Seasonal demand Examples

Examples of seasonal demand include

  1. Food items such as vegetables and fruits.
  2. Holiday-specific decor such as Christmas lighting, fake fir trees,  Diwali clay lamps and lanterns.
  3. Weather-based sporting goods which will require you to stock up according to the weather forecasts.
  4. Seasonal outfits to accommodate fashion trends and wardrobe changes.
  5. Academic and office stationery supplies for term-time and office reopening.
  6. Gardening equipment for the four seasons.

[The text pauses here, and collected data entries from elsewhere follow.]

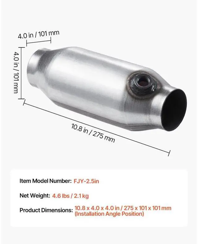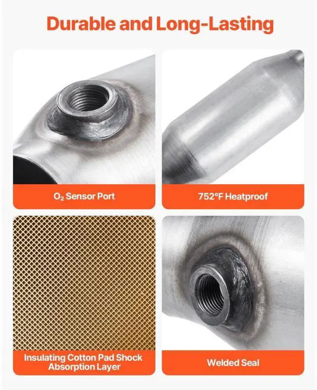 Universal Catalytic Converter 2.5 Inch Inlet and Outlet 2 Pack with O2 Port OBD III Compliance Universal Model Efficient Purification Durable and Sturdy Support for Driving High Efficiency & Clean
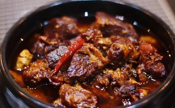 炒的差不多时,加入一些料酒和冰糖,料酒去腥软化牛肉,冰糖使牛肉更加鲜亮。牛肉充分吸收调料味道时,加入适量的开水,注意加开水。
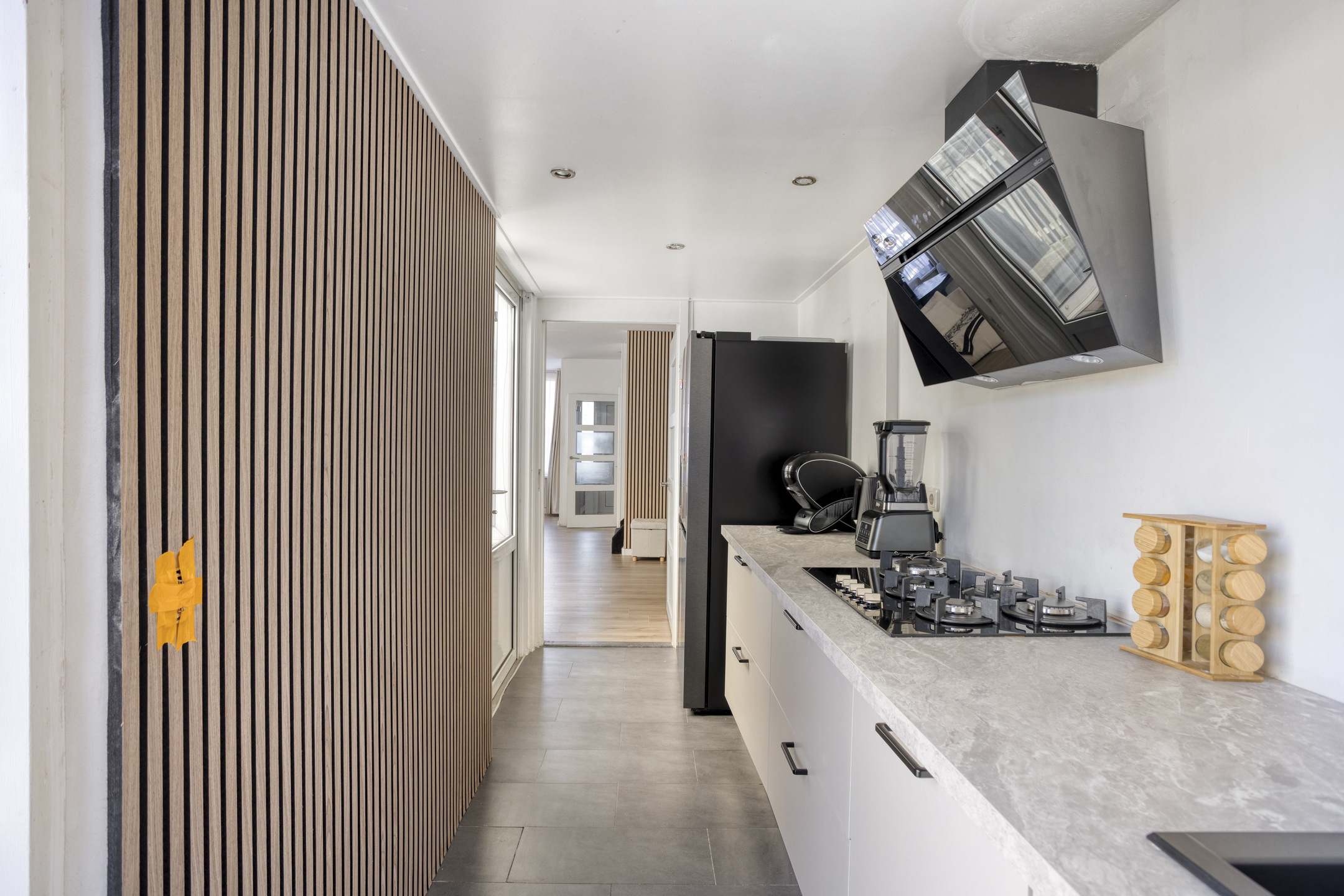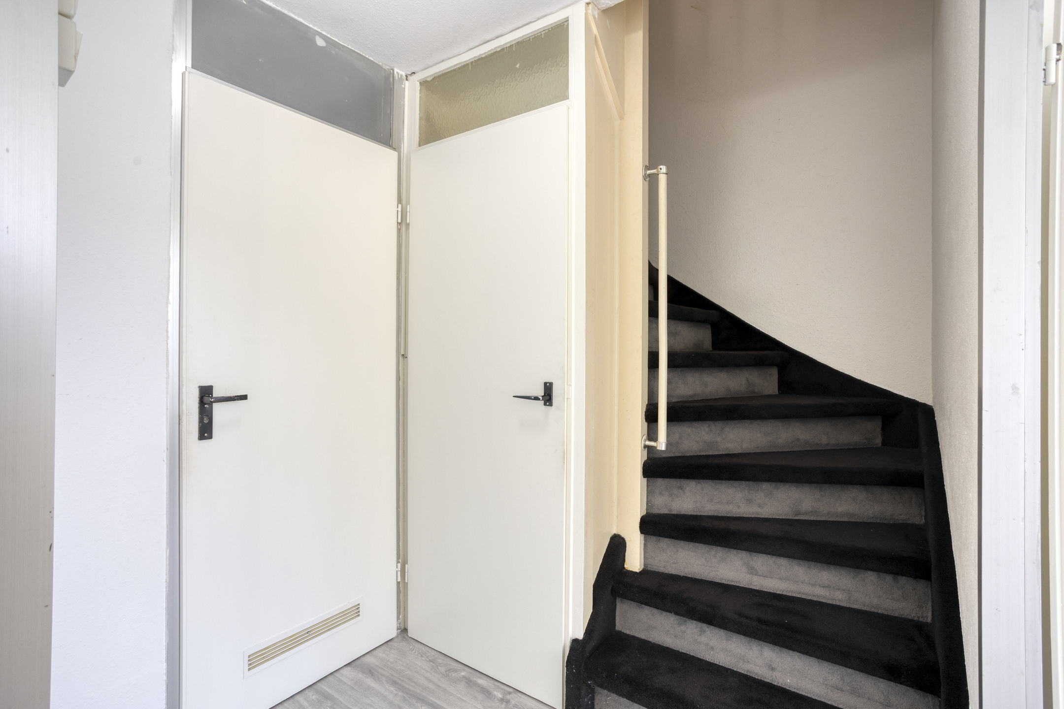 Vanuit de woonkamer is er toegang tot de trapopgang naar de eerste verdieping.
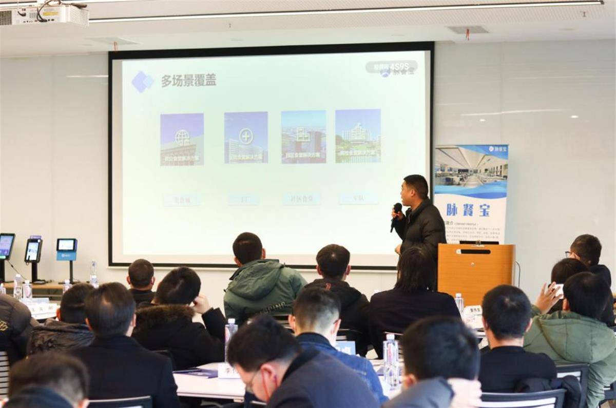 脉餐宝产品总监韩传兵先生向到场嘉宾详细介绍了脉餐宝智慧团餐解决方案。他通过对团餐行业市场现状及前景分析,对脉餐宝解决方案及相关产品的介绍,使到场嘉宾对团餐行业的市场机会有了新的认知,对脉餐宝也有了全面的了解,脉餐宝作为政企及高校团餐服务品牌,通过集成一系列智能化、自动化应用设备,通过优化食堂支付、点餐、结算、管理等流程,提升团餐服务及管理效率,助力团餐企业实现数字化转型。

Challenges Caused By Seasonal Inventory

Seasonal inventory poses challenges in maintaining stock levels. It complicates inventory reconciliation because fluctuations in demand skews the actual and recorded inventory. The two common challenges seasonal inventory causes 

  • Stock-Outs

Stock-outs occur when your inventory isn’t replenished on time when demand is high. Stockouts arise from any factor which include unfulfilled backorders, delays in receiving new batches from suppliers and poor shelving practices instore. 

  • Excessive Stock/Overstock

When demand is low, stocked items are retained in inventory. If the inventory doesn’t sell beyond 365 years, the stock converts from excessive to dead. Overstock is bad for fulfillment centers because a) it takes up space which could have stored a fast-selling or top-performing product and b) causes a profitability dip. The only way to offload the stock is to sell it at heavily discounted prices that will interest bargain hunters. 

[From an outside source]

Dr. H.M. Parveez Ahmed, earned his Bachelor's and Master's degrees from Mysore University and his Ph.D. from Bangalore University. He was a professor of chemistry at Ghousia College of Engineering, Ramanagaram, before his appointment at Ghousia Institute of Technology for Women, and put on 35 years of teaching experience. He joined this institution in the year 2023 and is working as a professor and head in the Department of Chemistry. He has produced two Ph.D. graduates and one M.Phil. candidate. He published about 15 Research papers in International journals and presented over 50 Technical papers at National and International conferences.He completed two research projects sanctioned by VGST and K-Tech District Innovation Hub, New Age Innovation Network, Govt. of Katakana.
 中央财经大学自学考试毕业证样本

The best inventory management practices to deal with seasonality

  • Forecast the inventory pipeline from history

An inventory management solution takes most of the guesswork out of forecasting your inventory. It runs the numbers on order aging, sales and return reports. You can apply filters to group products by SKU performance or revenue generated to see the relative change between months.  

While it won’t completely eliminate seasonality, it will reduce the impact on warehouse load. The longer a product remains on the shelf, the more your expenses go up for storage. Forecasting the inventory pipeline from previous SKU performance reports can help you optimize your inventory. You’ll be able to establish the stock levels you need to maintain for seasonal merchandise.

 

  • Diversify the product catalog

One of the best practices to deal with seasonal inventory is to diversify your catalog. Offer products that complement the existing line without competing with it directly. For example, if you sell cable knit sweaters, you could slip in thermal inner wear or a cap in matching colors to make the products fit together. 

  • Discount slow moving products

A seasonal inventory is the best way to offload slow-moving products. Slash your prices and put up clearance sales to attract more shoppers to make purchases.

  • Explore international sales opportunities

Advertise seasonal gear to the overseas markets, especially those where the weather is the polar opposite of the region you’re living in! For example, winter wear will sell better in Australia in the months of July and August than it would in the Middle East. You can rotate stocks internationally after factoring in the shipping costs, customs clearance and delivery times.

  • Use demand forecasting

Demand forecasting can predict inventory levels by season. Use Google trends to determine if online trends are momentary or seasonal. You can compare these against your sales reports to foresee if the product will experience high or low demand. Demand planning can prevent stock outs or dead stock situations by adjusting the inventory.

Over to You

 

Although you can’t completely snuff out seasonality, you can shift from a firefighting approach to a more proactive stance. To this end, an inventory management and warehouse management platform can help sellers curate their pipeline with demand forecasting and planning. The data on historic performance and profitability reports can pinpoint which products are fast or slow-moving and position you to respond strategically.